__What is being asked__
Restate word for word the entries below, starting at the line with "Mu, M. and Shepherd, T." and ending at the line with "ゲレンデを下るが視界不良で行". Keep both end lines and omit the pictures.

__Data listing__
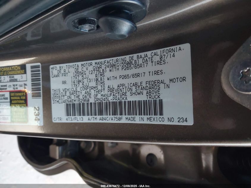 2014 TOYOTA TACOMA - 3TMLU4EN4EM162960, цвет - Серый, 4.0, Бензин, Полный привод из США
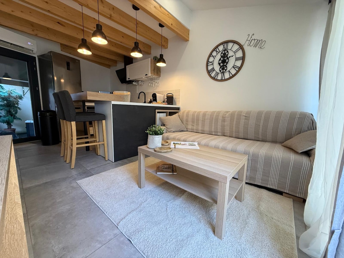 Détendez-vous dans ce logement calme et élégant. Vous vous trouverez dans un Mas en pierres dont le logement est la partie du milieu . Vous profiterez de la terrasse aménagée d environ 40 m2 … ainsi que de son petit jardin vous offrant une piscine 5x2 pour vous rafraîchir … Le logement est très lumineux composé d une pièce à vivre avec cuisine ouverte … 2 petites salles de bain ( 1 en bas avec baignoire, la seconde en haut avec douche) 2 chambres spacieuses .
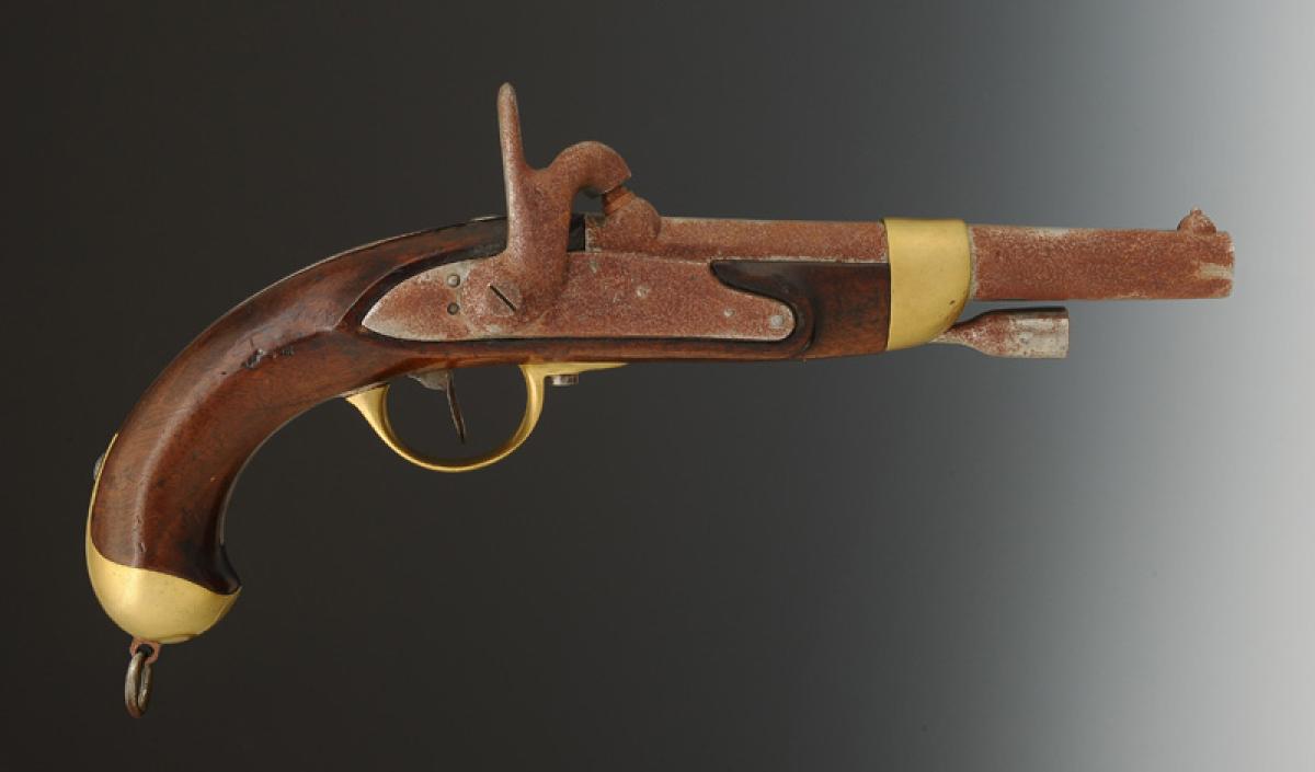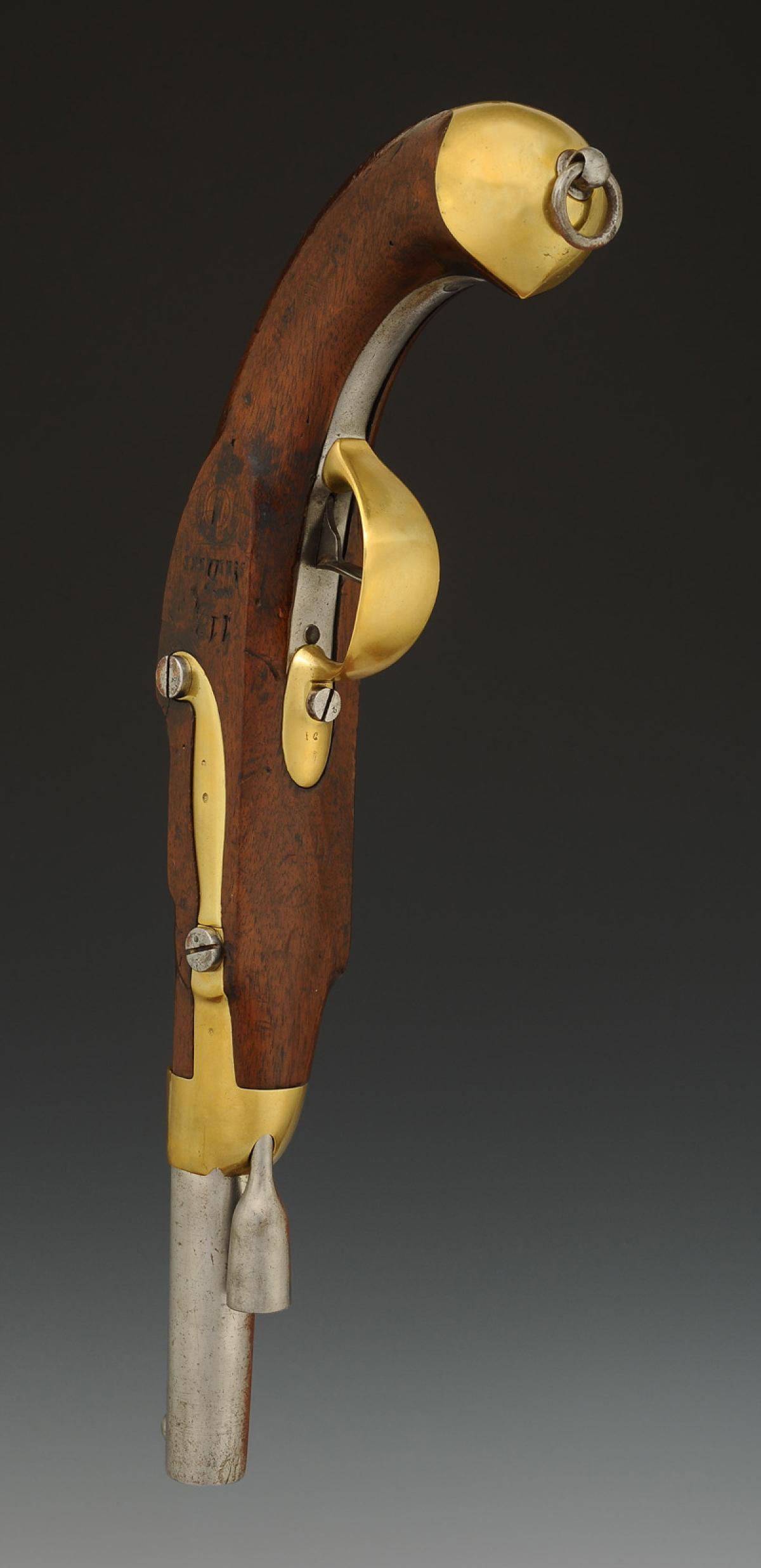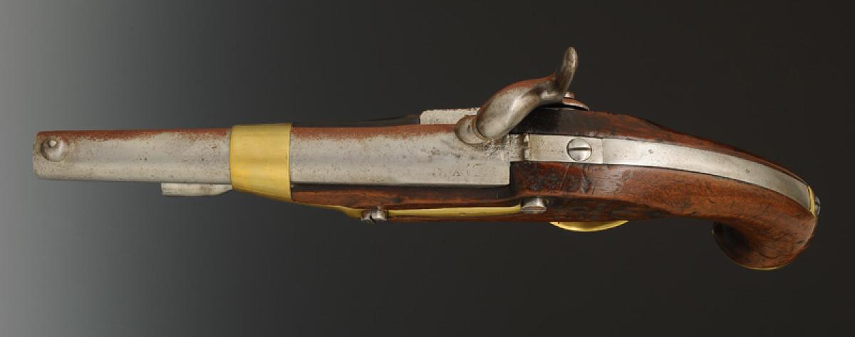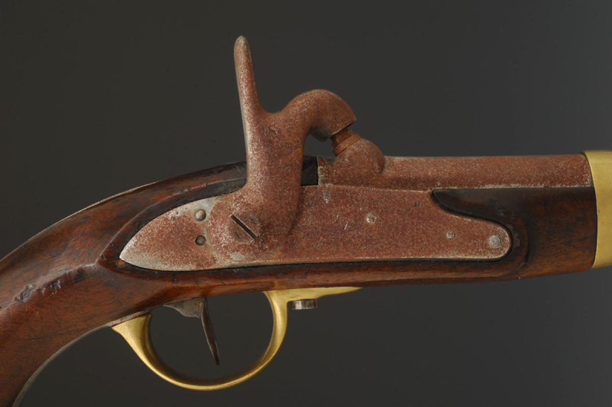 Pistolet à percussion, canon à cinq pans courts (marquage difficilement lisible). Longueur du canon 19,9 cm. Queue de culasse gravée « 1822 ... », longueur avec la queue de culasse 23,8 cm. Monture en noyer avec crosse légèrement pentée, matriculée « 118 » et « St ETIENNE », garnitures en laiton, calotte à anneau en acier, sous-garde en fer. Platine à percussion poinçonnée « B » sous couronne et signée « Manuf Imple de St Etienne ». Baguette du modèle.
==
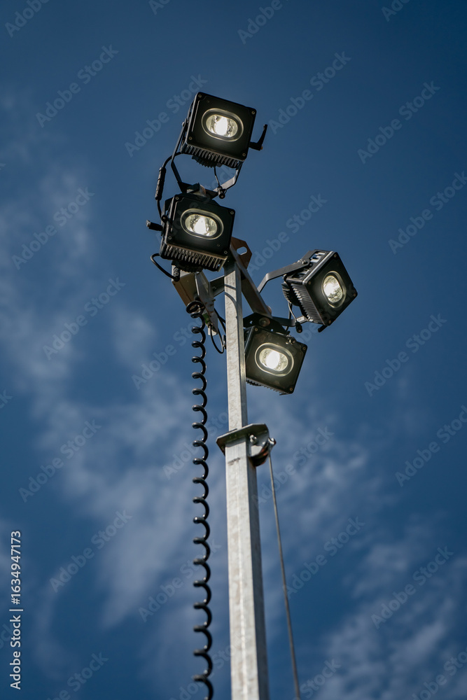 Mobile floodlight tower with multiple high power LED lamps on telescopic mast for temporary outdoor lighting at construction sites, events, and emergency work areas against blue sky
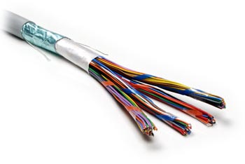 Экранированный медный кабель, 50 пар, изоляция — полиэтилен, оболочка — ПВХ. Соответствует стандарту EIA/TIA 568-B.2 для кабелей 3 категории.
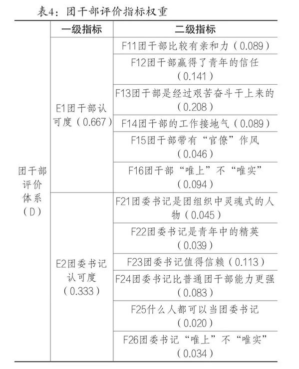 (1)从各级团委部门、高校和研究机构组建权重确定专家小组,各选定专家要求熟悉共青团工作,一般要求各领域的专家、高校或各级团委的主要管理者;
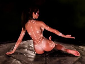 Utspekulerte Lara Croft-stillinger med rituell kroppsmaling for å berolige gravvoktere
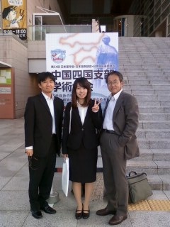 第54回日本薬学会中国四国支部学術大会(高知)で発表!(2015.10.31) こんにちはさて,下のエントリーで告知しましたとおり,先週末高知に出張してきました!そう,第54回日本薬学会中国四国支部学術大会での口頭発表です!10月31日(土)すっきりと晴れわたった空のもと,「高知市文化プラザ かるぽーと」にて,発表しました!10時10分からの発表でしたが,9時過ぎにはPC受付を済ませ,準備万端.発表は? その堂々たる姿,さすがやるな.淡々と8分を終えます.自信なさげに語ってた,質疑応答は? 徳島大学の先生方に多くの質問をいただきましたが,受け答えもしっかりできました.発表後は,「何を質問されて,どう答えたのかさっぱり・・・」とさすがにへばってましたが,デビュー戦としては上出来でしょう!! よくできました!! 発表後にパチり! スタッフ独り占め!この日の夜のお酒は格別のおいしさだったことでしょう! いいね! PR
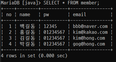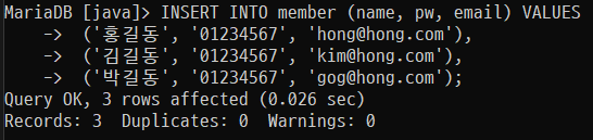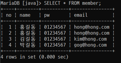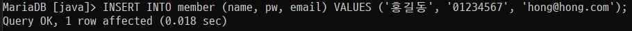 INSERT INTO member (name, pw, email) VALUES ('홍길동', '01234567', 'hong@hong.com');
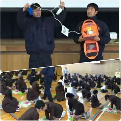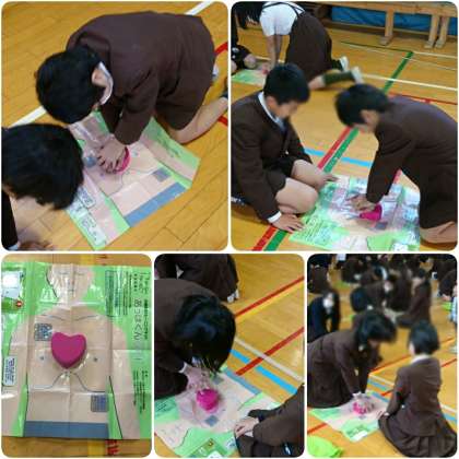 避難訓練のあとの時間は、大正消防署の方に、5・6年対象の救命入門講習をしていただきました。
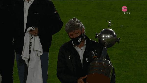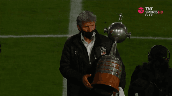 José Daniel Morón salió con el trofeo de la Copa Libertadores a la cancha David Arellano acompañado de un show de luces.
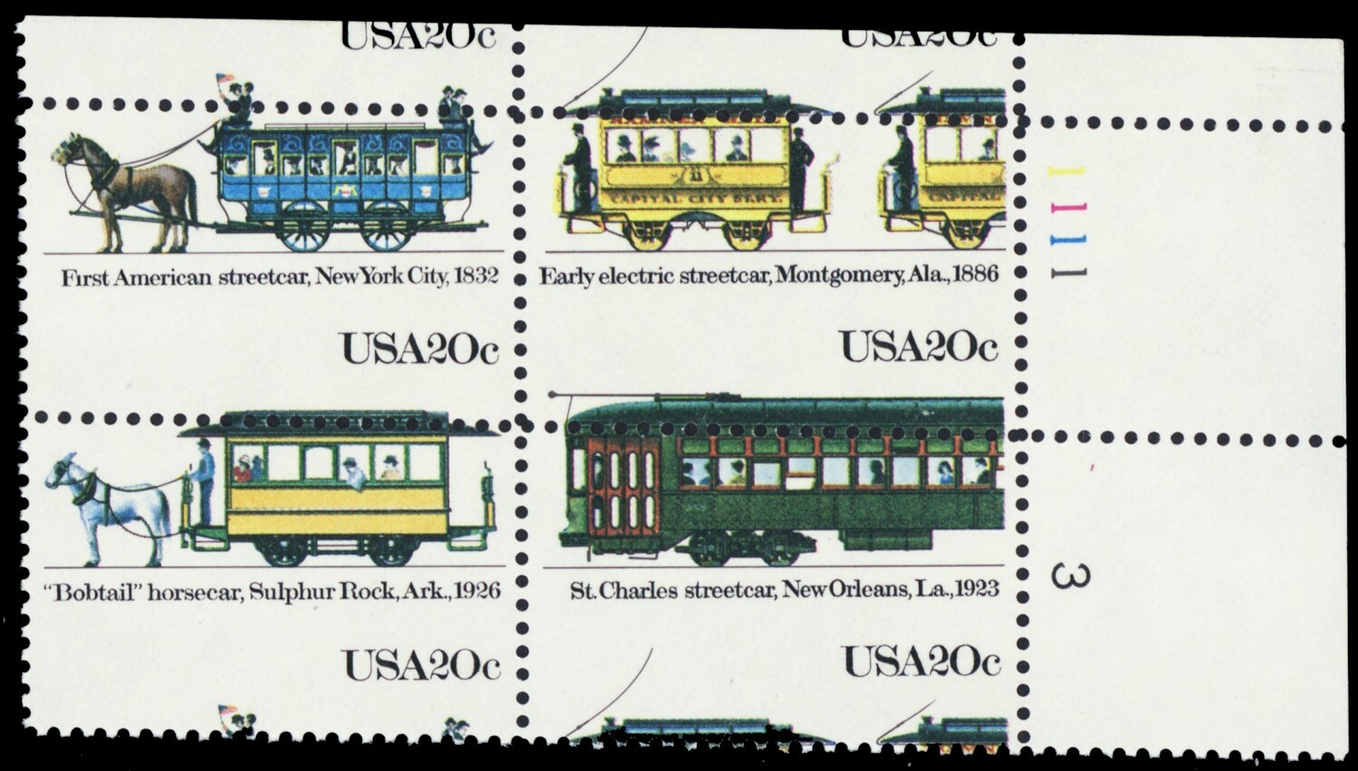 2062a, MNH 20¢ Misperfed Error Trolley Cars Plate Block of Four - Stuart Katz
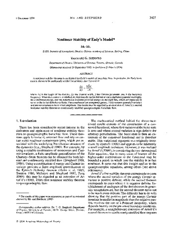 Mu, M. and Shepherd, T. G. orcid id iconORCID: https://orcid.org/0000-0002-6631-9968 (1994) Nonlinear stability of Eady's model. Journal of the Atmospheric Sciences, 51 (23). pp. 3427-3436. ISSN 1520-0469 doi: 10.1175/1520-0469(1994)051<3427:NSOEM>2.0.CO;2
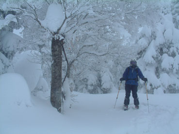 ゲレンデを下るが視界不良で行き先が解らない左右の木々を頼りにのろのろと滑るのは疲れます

__Answer box__
 Mu, M. and Shepherd, T. G. orcid id iconORCID: https://orcid.org/0000-0002-6631-9968 (1994) Nonlinear stability of Eady's model. Journal of the Atmospheric Sciences, 51 (23). pp. 3427-3436. ISSN 1520-0469 doi: 10.1175/1520-0469(1994)051<3427:NSOEM>2.0.CO;2
 ゲレンデを下るが視界不良で行き先が解らない左右の木々を頼りにのろのろと滑るのは疲れます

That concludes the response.